This invention relates generally to computer systems, particularly to microcomputer systems such as personal computers and word processors, and more particularly to such microcomputer systems of the kind including a data storage device or devices employing rotating disks such as flexible magnetic disks as storage media, and a stepper motor for incrementally driving a transducer or magnetic head unit from track to track on the disk. Still more particularly, the invention deals, in such microcomputer systems, with a method of, and means for, driving the stepper motor at high speed against the risk of seek errors that would conventionally have been liable to occur if a clock, customarily incorporated in disk drives, were powered on and off during the operation of the microcomputer system in order to save power.
The stepper motor ranks with the voice coil motor as actuator most commonly used in disk drives for moving the head unit to any desired track on the disk. Shoji et al. U.S. Pat. No. 4,594,620, assigned to the assignee of the instant application, is herein cited as teaching a head drive system with a four phase, single phase drive stepper motor.
In disk drives operating under the control of a host system, the stepper motor is controlled by stepping pulses and a stepping direction signal supplied from the host. Each external stepping pulse from the host may correspond to either one or, for higher track seek speed, two or more increments of the stepper motor. Conventionally, for driving the stepper motor at twice the recurrence rate of the external stepping pulses, for example, the disk drive has been provided with a clock and a counter for internally producing stepping pulses at the same rate as the external ones but with a phase difference of half the pulse period. The external and internal stepping pulses have been interleaved to provide a series of pulses with a repetition rate twice that of the external pulses and thereby to drive the stepper motor.
This conventional practice has proved disadvantageous when the clock used for generating the internal pulses is unpowered for saving power when the disk drive is standing by, that is, when no data transfer operation is in progress in the disk drive.
Among various power saving schemes heretofore suggested and used with disk drives is the one described and claimed in Tsuyuguchi et al. U.S. Pat. No. 4,658,307 assigned to the assignee of this application. Tsuyuguchi et al. teaches to connect the disk motor driver circuit, the stepper motor driver circuit, and the read/write circuit, all standard components of the disk drive, to a power supply via a power saving switch.
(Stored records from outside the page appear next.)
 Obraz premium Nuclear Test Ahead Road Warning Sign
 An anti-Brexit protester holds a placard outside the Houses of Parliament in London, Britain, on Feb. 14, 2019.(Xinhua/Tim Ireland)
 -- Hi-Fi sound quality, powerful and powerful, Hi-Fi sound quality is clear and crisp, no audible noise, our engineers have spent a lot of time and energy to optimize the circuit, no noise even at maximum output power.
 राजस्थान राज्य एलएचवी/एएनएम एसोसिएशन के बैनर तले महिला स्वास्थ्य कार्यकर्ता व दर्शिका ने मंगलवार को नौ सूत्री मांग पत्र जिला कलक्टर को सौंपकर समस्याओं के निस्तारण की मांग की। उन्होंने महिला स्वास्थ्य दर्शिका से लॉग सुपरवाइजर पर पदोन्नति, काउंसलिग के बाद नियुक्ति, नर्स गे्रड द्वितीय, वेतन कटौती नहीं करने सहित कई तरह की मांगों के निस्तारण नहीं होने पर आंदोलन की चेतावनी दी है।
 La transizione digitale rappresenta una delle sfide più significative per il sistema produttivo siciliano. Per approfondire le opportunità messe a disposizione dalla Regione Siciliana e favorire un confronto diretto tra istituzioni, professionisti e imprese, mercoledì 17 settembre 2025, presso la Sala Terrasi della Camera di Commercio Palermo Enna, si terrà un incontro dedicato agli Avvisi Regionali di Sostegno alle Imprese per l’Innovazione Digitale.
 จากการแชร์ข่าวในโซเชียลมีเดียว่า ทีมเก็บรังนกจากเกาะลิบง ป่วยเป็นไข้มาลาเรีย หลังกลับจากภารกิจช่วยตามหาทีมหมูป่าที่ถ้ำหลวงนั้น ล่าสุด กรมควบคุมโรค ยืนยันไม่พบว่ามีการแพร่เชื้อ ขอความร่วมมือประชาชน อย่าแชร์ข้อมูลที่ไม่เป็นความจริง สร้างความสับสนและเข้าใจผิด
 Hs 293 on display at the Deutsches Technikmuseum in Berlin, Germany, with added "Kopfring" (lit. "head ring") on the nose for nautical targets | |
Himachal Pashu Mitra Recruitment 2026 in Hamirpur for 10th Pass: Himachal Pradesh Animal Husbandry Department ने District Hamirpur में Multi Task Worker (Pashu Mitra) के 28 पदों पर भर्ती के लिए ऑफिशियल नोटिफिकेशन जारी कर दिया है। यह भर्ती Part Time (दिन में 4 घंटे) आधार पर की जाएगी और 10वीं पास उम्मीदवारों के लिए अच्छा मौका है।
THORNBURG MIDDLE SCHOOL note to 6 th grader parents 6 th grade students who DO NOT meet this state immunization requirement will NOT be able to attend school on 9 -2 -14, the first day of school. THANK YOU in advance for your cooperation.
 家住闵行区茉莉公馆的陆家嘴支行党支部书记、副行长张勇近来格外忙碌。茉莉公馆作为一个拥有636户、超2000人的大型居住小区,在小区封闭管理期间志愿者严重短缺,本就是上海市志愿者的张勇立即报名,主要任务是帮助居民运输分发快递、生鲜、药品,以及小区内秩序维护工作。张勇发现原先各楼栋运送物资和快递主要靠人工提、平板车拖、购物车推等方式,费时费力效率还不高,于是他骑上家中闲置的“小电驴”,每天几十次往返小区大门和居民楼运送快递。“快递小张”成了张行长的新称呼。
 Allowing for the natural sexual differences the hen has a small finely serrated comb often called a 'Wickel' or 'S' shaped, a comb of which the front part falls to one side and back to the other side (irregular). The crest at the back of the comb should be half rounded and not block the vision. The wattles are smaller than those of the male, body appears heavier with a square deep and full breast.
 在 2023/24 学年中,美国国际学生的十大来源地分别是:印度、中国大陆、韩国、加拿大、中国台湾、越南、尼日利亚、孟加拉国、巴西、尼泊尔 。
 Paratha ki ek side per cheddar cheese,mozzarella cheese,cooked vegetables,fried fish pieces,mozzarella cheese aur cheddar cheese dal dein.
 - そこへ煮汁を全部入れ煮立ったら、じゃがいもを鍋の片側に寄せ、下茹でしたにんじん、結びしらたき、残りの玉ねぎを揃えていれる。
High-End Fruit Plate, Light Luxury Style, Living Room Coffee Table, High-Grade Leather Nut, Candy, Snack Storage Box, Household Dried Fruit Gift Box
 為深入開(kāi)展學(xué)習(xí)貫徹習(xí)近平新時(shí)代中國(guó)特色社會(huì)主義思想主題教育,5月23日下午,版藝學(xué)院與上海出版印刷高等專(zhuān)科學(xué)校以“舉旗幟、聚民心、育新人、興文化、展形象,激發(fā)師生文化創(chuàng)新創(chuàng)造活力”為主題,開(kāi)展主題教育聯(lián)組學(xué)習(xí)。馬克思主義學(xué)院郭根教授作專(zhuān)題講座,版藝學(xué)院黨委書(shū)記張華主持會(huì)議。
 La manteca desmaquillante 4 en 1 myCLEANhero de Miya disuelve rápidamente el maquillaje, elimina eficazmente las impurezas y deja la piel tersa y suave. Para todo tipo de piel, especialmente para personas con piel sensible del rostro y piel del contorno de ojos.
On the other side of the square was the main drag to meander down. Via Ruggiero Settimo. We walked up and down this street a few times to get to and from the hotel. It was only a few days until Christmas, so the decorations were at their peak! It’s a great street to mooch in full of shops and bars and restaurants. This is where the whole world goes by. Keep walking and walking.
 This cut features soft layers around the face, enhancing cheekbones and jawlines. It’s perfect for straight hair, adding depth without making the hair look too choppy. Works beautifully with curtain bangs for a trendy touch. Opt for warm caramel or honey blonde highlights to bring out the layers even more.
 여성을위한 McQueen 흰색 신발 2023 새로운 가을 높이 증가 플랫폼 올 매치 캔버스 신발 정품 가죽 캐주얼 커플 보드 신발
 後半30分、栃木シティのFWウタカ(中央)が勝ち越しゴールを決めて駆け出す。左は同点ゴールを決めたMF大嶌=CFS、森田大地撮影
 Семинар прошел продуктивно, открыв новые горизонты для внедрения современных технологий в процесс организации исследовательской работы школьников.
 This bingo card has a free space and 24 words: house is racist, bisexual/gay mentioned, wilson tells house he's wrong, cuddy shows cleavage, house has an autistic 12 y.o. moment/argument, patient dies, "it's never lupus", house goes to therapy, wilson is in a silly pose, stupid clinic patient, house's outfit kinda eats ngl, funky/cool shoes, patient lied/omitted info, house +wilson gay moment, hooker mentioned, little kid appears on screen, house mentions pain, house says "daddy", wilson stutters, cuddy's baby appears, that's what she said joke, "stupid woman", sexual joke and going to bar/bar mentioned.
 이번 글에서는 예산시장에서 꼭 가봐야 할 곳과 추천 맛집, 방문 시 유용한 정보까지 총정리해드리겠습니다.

This switch is closed only when a disk is loaded in the disk drive or is when the "drive select" and "motor on" signals from the host are in prescribed states. The motor driver circuits and read/write circuit are therefore not powered in the absence of a disk or when the "drive select" and "motor on" signals are in other than the prescribed states, even if the complete data processing system, comprising the host and one or more disk drives, is powered on. A very substantial saving of power can thus be accomplished.
It has also been suggested to reduce the waste of power by various other power consuming components in the disk drive. Such additional power consuming components include a supply voltage detector circuit for detecting whether the supply voltage has built up to a predetermined value when the system is switched on, a file protect sensor for sensing whether the loaded disk cartridge is protected against erasure or writing, a disk capacity sensor for discriminating between one-megabyte and two-megabyte disk cartridges which may be loaded interchangeably in the disk dive, and another disk capacity sensor for discriminating between four-megabyte and other capacity disks cartridges.
The present applicant has explored the possibilities of further reducing the power consumption of disk drives and manufactured an experimental disk drive in which the clock was unpowered when the disk drive was standing by. The trouble occurred because the clock as we have it today inherently remains unstable for some time after being powered on, failing to produce pulses at a constant repetition rate. Such irregular clock pulses during the startup period of the clock, conventionally used for production of internal stepping pulses, made it impossible in some cases to position the transducer on the desired track on the disk. It might be contemplated to circumvent this problem by making longer the spacings between the stepping pulses, but then the seek speed would drop correspondingly.